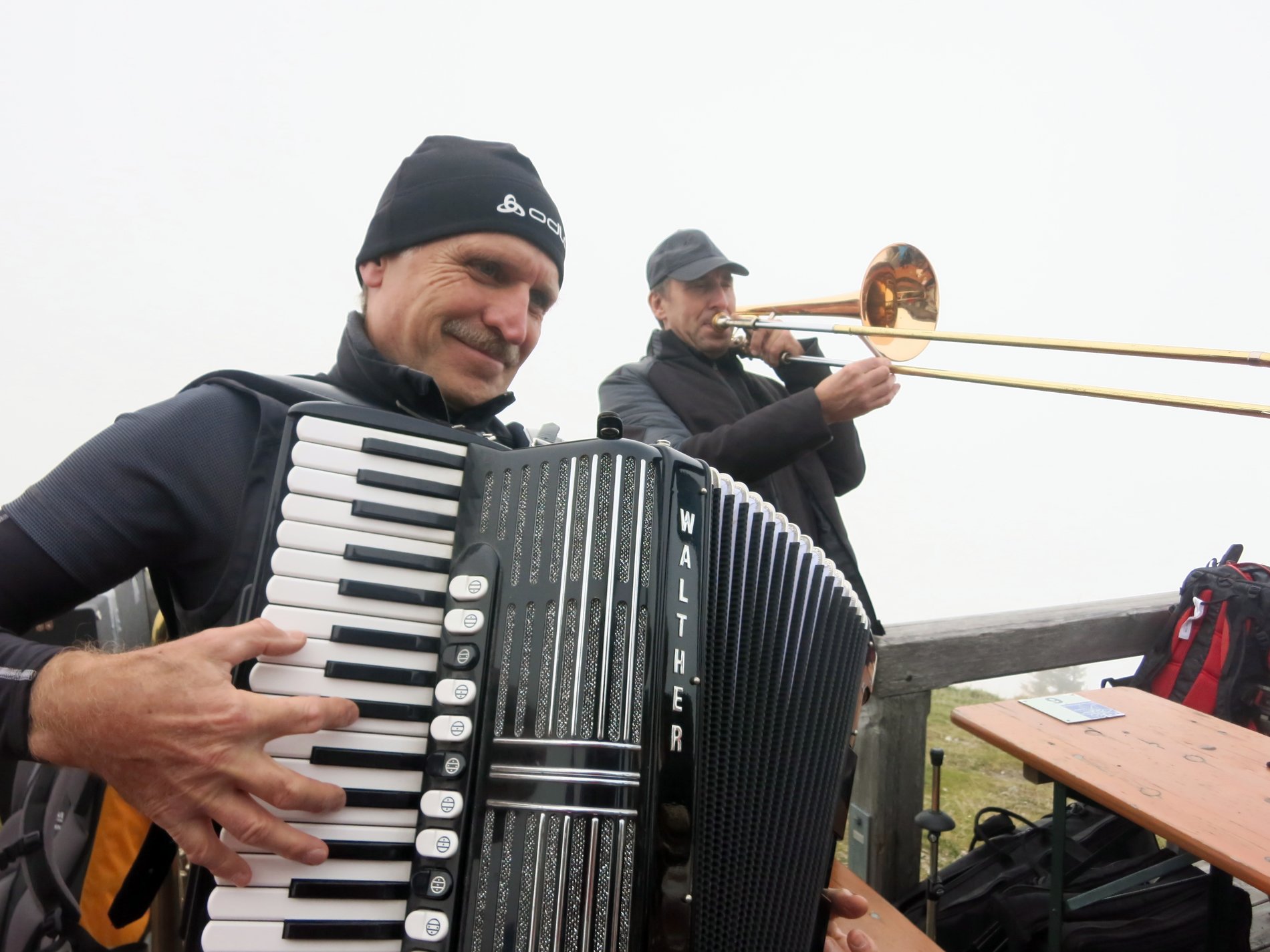 Mit „Brass nach Maß“ ein Sommerabschied nach Maß. Herzlichen Dank an Hans Gangkofer, der wie auch in den letzten Jahren die Musik organisierte. Trotz nebeligem Wetters machte sich eine größere Gruppe unter Leitung von Fritz Hager an den relativ langen Aufstieg von Aschau über Klausenberg und Predigtstuhl zur Hochries. Eine weitere Gruppe wählte den üblichen Anstieg vom Parkplatz Spatenau über die Seitenalm. Thomas Bruckmeier, mit acht Jahren der jüngste Teilnehmer, ließ es sich nicht nehmen, in Begleitung dreier Erwachsener die Auffahrt mit dem Fahrrad zu unternehmen. Alle Gruppen kamen pünktlich an und erlebten eine wunderschöne Abschlussfeier, bei der sogar die Wirtleute Elke und Florian Robl mitfeierten. Und natürlich auch die Christl Robl, die wir auf einem früheren Sommerabschied auf der Priener Hütte als Wirtin kennengelernt haben. Am nächsten Morgen zeigte das Wetter, dass wir zu Recht vom Sommer Abschied genommen haben. Es nieselte und war kalt. Ein paar Tage später war die Hochries von Schnee bedeckt.
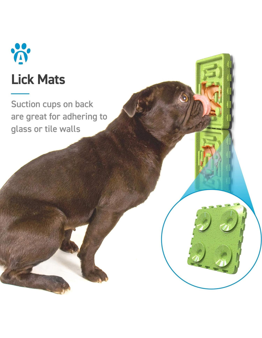 - DISPOSICIONES EN SUELO Y PARED - Diseño antideslizante para una posición segura en el suelo. Las alfombrillas de lamer también vienen con ventosas que se adhieren a paredes de vidrio o azulejos. Perfecto para distraer a su mascota durante duchas o acicalamientos.
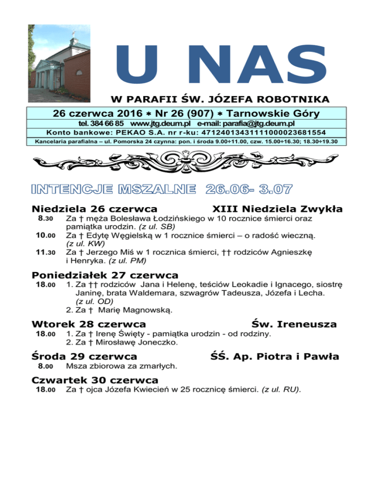 U NAS W PARAFII ŚW. JÓZEFA ROBOTNIKA 26 czerwca 2016 Nr 26 (907) Tarnowskie Góry tel. 384 66 85 www.jtg.deum.pl e-mail: [email protected] Konto bankowe: PEKAO S.A. nr r-ku: 47124013431111000023681554 Kancelaria parafialna – ul. Pomorska 24 czynna: pon. i środa 9.00÷11.00, czw. 15.00÷16.30; 18.30÷19.30 Niedziela 26 czerwca 8.30 10.00 11.30 XIII Niedziela Zwykła Za † męża Bolesława Łodzińskiego w 10 rocznice śmierci oraz pamiątka urodzin. (z ul. SB) Za † Edytę Węgielską w 1 rocznice śmierci – o radość wieczną. (z ul. KW) Za † Jerzego Miś w 1 rocznica śmierci, †† rodziców Agnieszkę i Henryka. (z ul. PM) Poniedziałek 27 czerwca 18.00 1. Za †† rodziców Jana i Helenę, teściów Leokadie i Ignacego, siostrę Janinę, brata Waldemara, szwagrów Tadeusza, Józefa i Lecha. (z ul. OD) 2. Za † Marię Magnowską. Wtorek 28 czerwca 18.00 Środa 29 czerwca 8.00 Św. Ireneusza 1. Za † Irenę Święty - pamiątka urodzin - od rodziny. 2. Za † Mirosławę Joneczko. ŚŚ. Ap. Piotra i Pawła Msza zbiorowa za zmarłych. Czwartek 30 czerwca 18.00 Za † ojca Józefa Kwiecień w 25 rocznicę śmierci. (z ul. RU). Piątek 1 lipca 8.00 18.00 Sobota 2 lipca 8.00 16.30 17.00 10.00 11.30 I sobota miesiąca Msza Rodziny Różańcowej. Adoracja Najświętszego Sakramentu. Za † ks. Czesława - pamiątka urodzin - od rodziny i przyjaciół. Niedziela 3 lipca 8.30 I piątek miesiąca Do Najświętszego Serca Pana Jezusa w intencji czcicieli. Za † Ewę Wilczek w rocznicę śmierci oraz †† z rodziny Wilczek, Ekiert i Boraczyński. XIV Niedziela Zwykła Za † matkę Antoninę Żuber w 19 rocznicę śmierci, † ojca Władysława, † brata Jana, † Dorotę Matonia, †† z rodziny Pawełoszek, Rozwandowicz , Kubiak, Bednarek oraz †† dziadków z obu stron. (z ul. PA) Za † mamę Zofię Załucką i † babcię Kazimierę Mogielnicką - w rocznice śmierci. Za † Andrzeja Bystrzanowskiego, †† Wiktorię, Jerzego Sztaba, †† dziadków z obu stron. (z ul. WE) W pierwszą wakacyjną niedzielę w tekstach biblijnych pojawia się temat powołania. Czy nie stanowi to dla nas wyzwania, że w czasie odpoczynku mamy być świadkami Bożej obecności i działania w świecie? Prośmy o siłę w dawaniu wiarygodnego świadectwa i o to, byśmy w wolnym czasie nie zaniedbywali naszych chrześcijańskich obowiązków. W środę świętować będziemy uroczystość Świętych Apostołów Piotra i Pawła. To dwa filary, na których opiera się cała nasza kościelna wspólnota. Zapraszamy na wspólną modlitwę w intencji całego Kościoła, papież, jako jego widzialnej głowy, a także nas samych, byśmy stawali się apostołami Chrystusa w miejscu naszej pracy, nauki i odpoczynku. Zbierana w tym dniu taca jest przeznaczona na potrzeby Stolicy Świętej. W ostatni dzień czerwca przypadnie czwartek przed pierwszym piątkiem miesiąca. Pierwsze dni lipca to pierwszy piątek i pierwsza sobota miesiąca. W czwartek, podczas ostatniego czerwcowego nabożeństwa, pomodlimy się za wszystkich powołanych do służby Bożej, a także o nowe i święte powołania. W pierwszy piątek od godz.9.00 odwiedzimy starszych i chorych parafian z Komunią Świętą, a po południu zapraszamy na modlitwę adoracyjną. Będzie też możliwość skorzystania z sakramentu pokuty i pojednania. Kolekta dzisiejsza na potrzeby naszej parafii, w następna niedzielę na potrzeby Diecezji i seminarium Duchownego. Bóg Zapłać. ********************************************************************* Zapowiedzi przedślubne: Śliwa Agata z Tarnowskich Gór – Paczyna Kamil z Radzionkowa. Wojtynek Katarzyna z Tarnowskich Gór – Michał Herdzina z Tarnowskich Gór. ********************************************************************* Św. Ireneusz z Lyonu Mesjasz, to znaczy Chrystus, czyli Namaszczony, i Jezus, to znaczy Zbawca, a te dwa imiona są zarazem nazwami różnorodnych czynności dokonywanych na świecie. zajasz w poniższych słowach stwierdza, że Chrystus, który był u Ojca jako Słowo Ojca, miał się wcielić, stać się człowiekiem, narodzić się, być zrodzonym z Dziewicy i żyć wśród ludzi... Oto one: „Dlatego sam Pan da wam znak: «Oto Dziewica pocznie i porodzi Syna i nazwiecie Go Emmanuel: będzie jadł masło i miód»" (Iz 7, 4). Zaznaczył, że narodzi się z Dziewicy, że będzie prawdziwym człowiekiem, jak to wynika ze słowa „jadł" i z tego także, że nazwał Go dzieckiem, a nawet przez to, że Mu nadał imię... Bo ma podwójne imię w języku hebrajskim: Mesjasz, to znaczy Chrystus, czyli Namaszczony, i Jezus, to znaczy Zbawca, a te dwa imiona są zarazem nazwami różnorodnych czynności dokonywanych na świecie. Otrzymał imię Chrystus (namaszczony), bo Ojciec namaścił Go, a przez Niego i z powodu Jego nadejścia ozdobił wszystkie rzeczy... Otrzymał zaś imię Zbawca, ponieważ był przyczyną zbawienia dla tych, którzy od Jego czasów wtedy właśnie byli zbawieni od wszelkiego rodzaju chorób i od śmierci, a dla tych, którzy potem uwierzą, stał się dawcą przyszłego i wiecznego zbawienia. Oto dlatego został nazwany Zbawcą. Jeżeli zaś chodzi o imię Emmanuel, to przełożono je jako „Bóg z nami" albo też jako życzenie wyrażone przez proroka, a odpowiadające słowom: „Bóg niech będzie z wami". Gdy tak tłumaczymy, staje się to objawieniem Dobrej Nowiny, bo „Oto — mówi — Dziewica pocznie i porodzi Syna, a Ten, będąc Bogiem, jest przeznaczony na to, aby być z nami" (Iz 7,14)... Tenże sam prorok mówi: „Syn nam się narodził, chłopiec został nam dany i otrzymał imię Cudowny Doradca, Bóg mocny" (Iz 9,6). Jest nazwany Cudownym Doradcą Ojca, przez co zaznaczono, że z Nim Ojciec uczynił wszystkie rzeczy, jak jest napisane w pierwszej księdze Mojżesza, noszącej tytuł Genesis: „I Bóg rzekł: Uczyńmy człowieka na nasz obraz i podobieństwo" (Rdz l,26). Oczywiście tu Ojciec mówi do Syna — Cudownego Dor
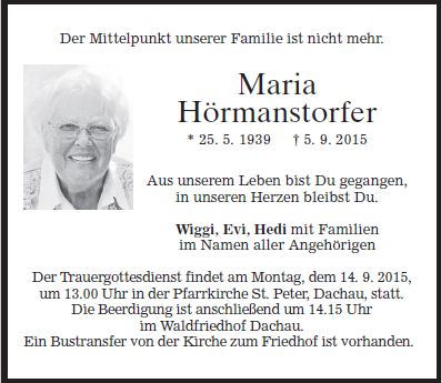 Der Gottesdienst findet am Montag, dem 14. September 2015, um 13 Uhr in St. Peter, Dachau statt. Die Beerdigung ist anschließend um 14:15 Uhr im Dachauer Waldfriedhof.

Exercise
After dropping the pictures, please set down the lines from the beginning of the listing through the line containing "- DISPOSICIONES EN", both included, exactly as they stand.

Exercise solution
 Mit „Brass nach Maß“ ein Sommerabschied nach Maß. Herzlichen Dank an Hans Gangkofer, der wie auch in den letzten Jahren die Musik organisierte. Trotz nebeligem Wetters machte sich eine größere Gruppe unter Leitung von Fritz Hager an den relativ langen Aufstieg von Aschau über Klausenberg und Predigtstuhl zur Hochries. Eine weitere Gruppe wählte den üblichen Anstieg vom Parkplatz Spatenau über die Seitenalm. Thomas Bruckmeier, mit acht Jahren der jüngste Teilnehmer, ließ es sich nicht nehmen, in Begleitung dreier Erwachsener die Auffahrt mit dem Fahrrad zu unternehmen. Alle Gruppen kamen pünktlich an und erlebten eine wunderschöne Abschlussfeier, bei der sogar die Wirtleute Elke und Florian Robl mitfeierten. Und natürlich auch die Christl Robl, die wir auf einem früheren Sommerabschied auf der Priener Hütte als Wirtin kennengelernt haben. Am nächsten Morgen zeigte das Wetter, dass wir zu Recht vom Sommer Abschied genommen haben. Es nieselte und war kalt. Ein paar Tage später war die Hochries von Schnee bedeckt.
 - DISPOSICIONES EN SUELO Y PARED - Diseño antideslizante para una posición segura en el suelo. Las alfombrillas de lamer también vienen con ventosas que se adhieren a paredes de vidrio o azulejos. Perfecto para distraer a su mascota durante duchas o acicalamientos.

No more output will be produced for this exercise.